FIGS. 24 and 25 illustrate an exemplary magnetic handling tool for extracting luminescent devices according to the present invention and having a magnetic component within their manufacture from well plates, for example from 96 or 384 well plates. In the exemplary magnetic handling tool a neodymium disk magnet is fixed into a magnetic rod. Other magnet types could alternatively be used.

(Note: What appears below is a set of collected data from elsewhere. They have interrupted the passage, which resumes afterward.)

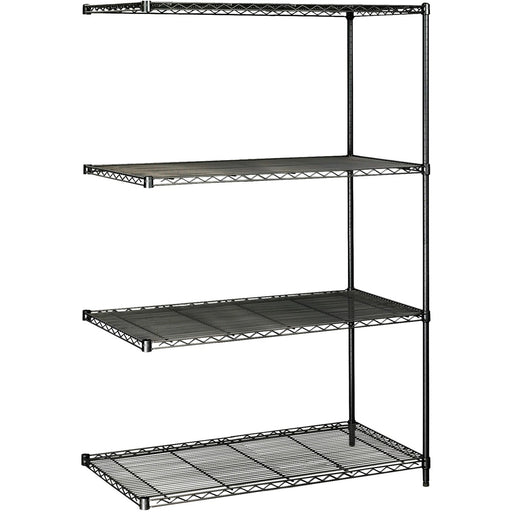 Safco Industrial Wire Shelving Add-On Unit - 48" (121.92 cm) Width x 24" (60.96 cm) Depth x 72" (182.88 cm) Height - 4 x Shelf(ves) - 3200 lb (1451495.58 g) Load Capacity - Adjustable Glide, Durable - Black - Powder Coated - Steel - Assembly Required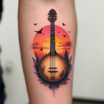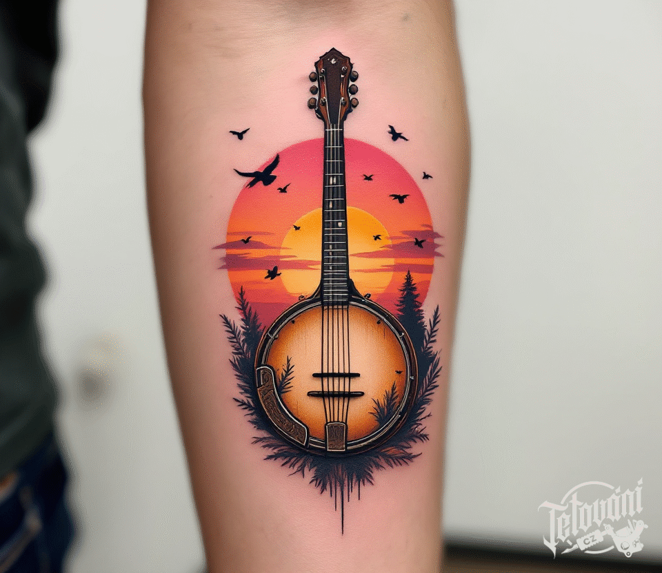 Hudební tetování, předměty, banjo a západ slunce na předloktí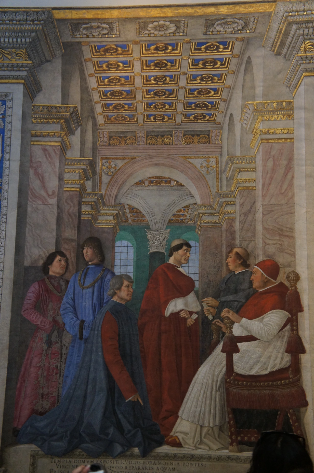 4호실로 들어서면 멜로쪼 다 포를리(1438~1494)의 대표적인 작품들을 볼 수 있는데 바로 아래의 그림이 "바티칸 도서관 제막식을 거행하는 식스투스 4세"라는 작품이다. 모든 인물들이 엄격하게 구성된 배경 안에 그려져 있고, 천정은은 붉은색 격자무늬, 도금된 조형과 로베레 나무의 화관으로 장식되어 있다.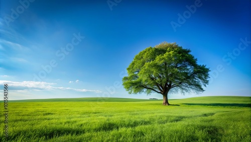 Obraz premium A solitary tree stands tall in a field of verdant grass, its branches...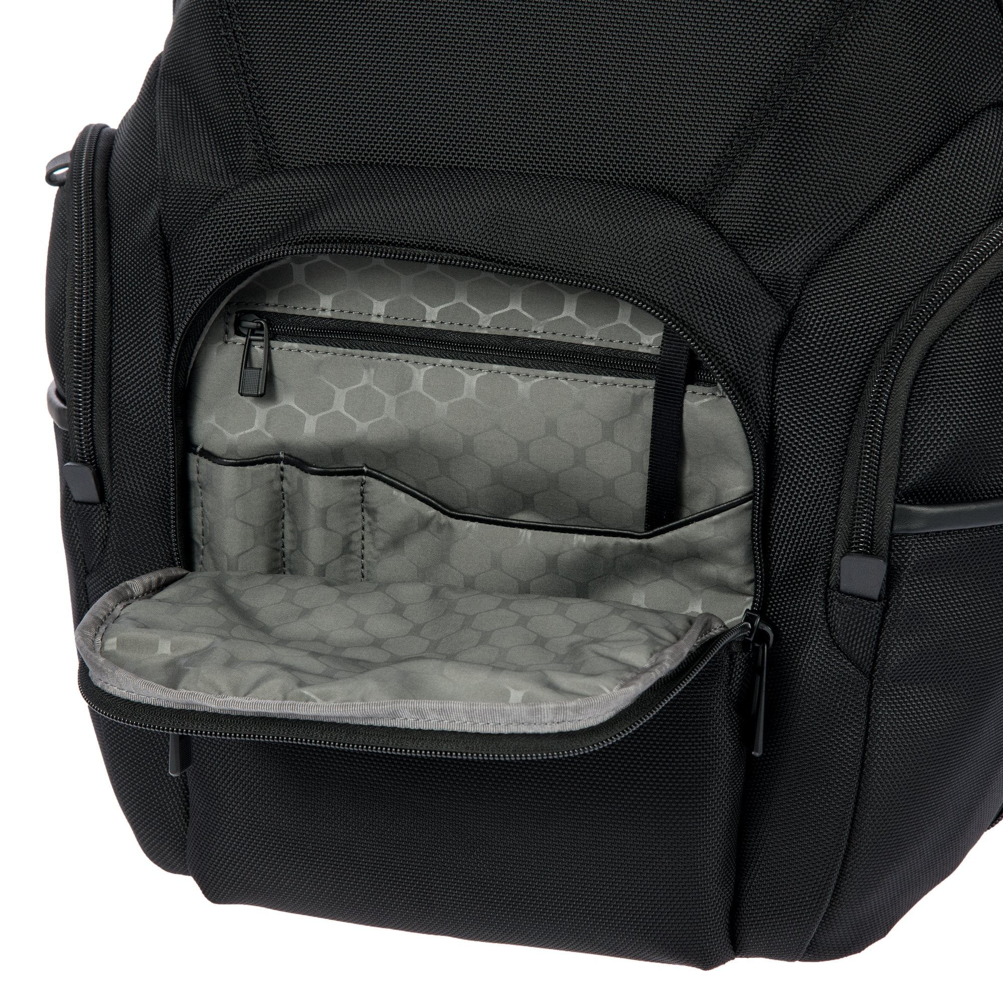 - Front pocket with business organizer – For pens, cards, and small accessories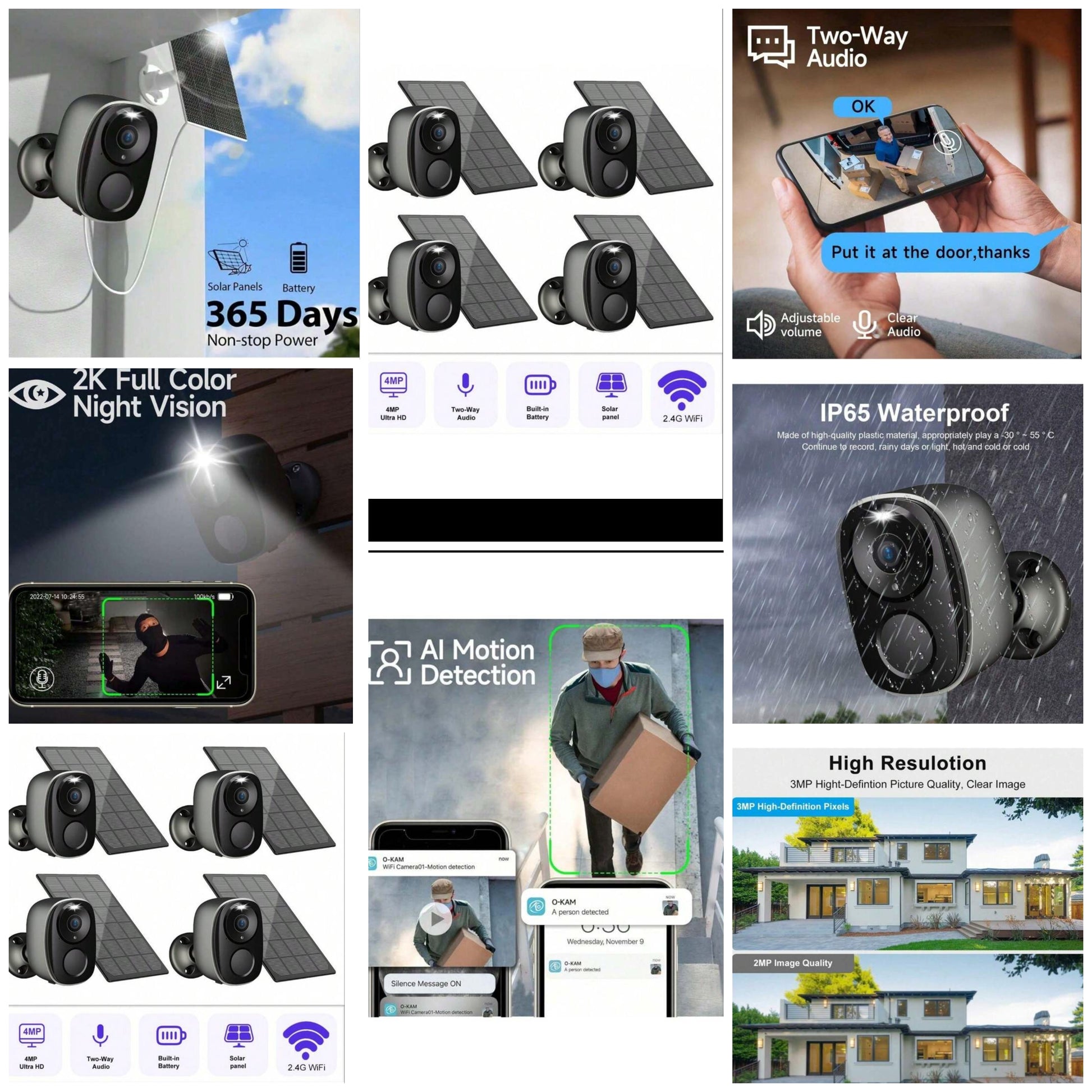 Solar Security Cameras Wireless Outdoor 4 Pack - Battery Powered 4MP Video Surveillance Cameras For Home Security & Monitor, Full Color Night Vision, PIR Motion Detection, Two Way Audio

FIG. 26 illustrates the devices according to the present invention (the devices as illustrated in FIG. 18) in use in a 96 well plate. In sample A1 (corresponding to sample A of FIG. 18) the light intensity of the GTLS is strong and the GTLS is clearly visible. In sample A2 (corresponding to sample B in FIG. 18) a greater degree of filtering has been applied and in sample A3 (corresponding to sample C in FIG. 18) the filtering has again been increased.

Claims

1. A luminescent device comprising a gaseous tritium light source (GTLS) which provides a light output of pre-determinable intensity.

2. A device according to claim 1, wherein the GTLS comprises 10 to 20 mCi of tritium.

3. A device according to claim 1, wherein the GTLS is located with an outer casing having at least one optically transparent or translucent portion.

4. A device according to claim 3, wherein the outer casing is steel.

5. A device according to claim 3, wherein the transparent or translucent portion comprises a neutral density filter.

6. A device according to claim 3, wherein the transparent or translucent portion is formed from glass or plastic.

7. A device according to claim 1, wherein the device further comprises colouring means to alter the colour of the light output of the GTLS.

8. A device according to claim 1, wherein the GTLS is held within a housing, the housing being located in the outer casing.

9. A device according to Claim 1, which is sized and shaped to calibrate the optical output of scientific apparatus.

10. A device according to claim 9, wherein said apparatus is selected from a group consisting of a luminometer, a fluorometer, a spectrophotometer, a scintillation counter, a photomultiplier, an avalanche photodiode or a CCD camera.

11. A device according to claim 1, wherein said device comprises a scalebar graticule.

12. A device according to claim 1, wherein said device comprises a filter array.

13. A kit comprising two or more luminescent devices according to claim 1, each of said devices providing a light output of a distinct intensity to the other devices of said kit.

14. A kit according to claim 13, further comprising a magnetic handling tool and wherein each of said devices includes a magnetic component.

15. A kit according to claim 12, comprising three or more devices, each having a light output of a distinct intensity to the other devices of said kit.

16. A light measuring apparatus comprising a luminescent device as claimed in claim 1, housed in a sample holder of said apparatus.

17. An apparatus according to claim 16, which is selected from the group consisting of a luminometer, a fluorometer, a spectrophotometer, a scintillation counter, a photomultiplier, an avalanche photodiode or a CCD camera.

18. A method of analyzing a sample, said method comprising; i) calibrating an apparatus able to detect light output using a device as claimed in claim 1;ii) inserting said sample into the calibrated apparatus and obtaining a reading thereof

19. A method as claimed in claim 18, wherein the sample comprises living cells.